● Activity: Begin at the line that has "This Cartier Tonneau", stop after the line that has "Hitzaldia Doluak: galdu", and print exactly those lines from the records below, without any pictures.

● Dataset:

"""

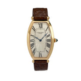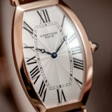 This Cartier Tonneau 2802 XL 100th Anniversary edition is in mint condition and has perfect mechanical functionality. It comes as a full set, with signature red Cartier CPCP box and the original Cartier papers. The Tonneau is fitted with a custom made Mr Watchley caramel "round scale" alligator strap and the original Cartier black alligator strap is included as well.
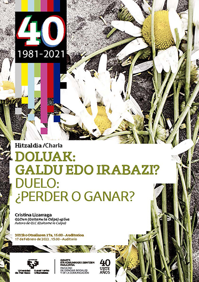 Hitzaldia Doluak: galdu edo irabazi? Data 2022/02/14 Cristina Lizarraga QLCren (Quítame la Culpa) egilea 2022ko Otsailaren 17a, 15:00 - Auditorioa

"""
"""

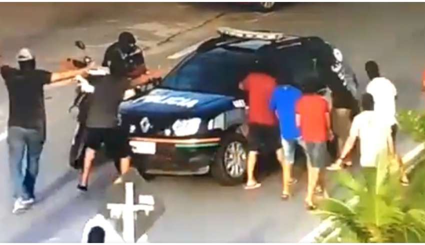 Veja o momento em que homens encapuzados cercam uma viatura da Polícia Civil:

"""

● Solution to this exercise:
 This Cartier Tonneau 2802 XL 100th Anniversary edition is in mint condition and has perfect mechanical functionality. It comes as a full set, with signature red Cartier CPCP box and the original Cartier papers. The Tonneau is fitted with a custom made Mr Watchley caramel "round scale" alligator strap and the original Cartier black alligator strap is included as well.
 Hitzaldia Doluak: galdu edo irabazi? Data 2022/02/14 Cristina Lizarraga QLCren (Quítame la Culpa) egilea 2022ko Otsailaren 17a, 15:00 - Auditorioa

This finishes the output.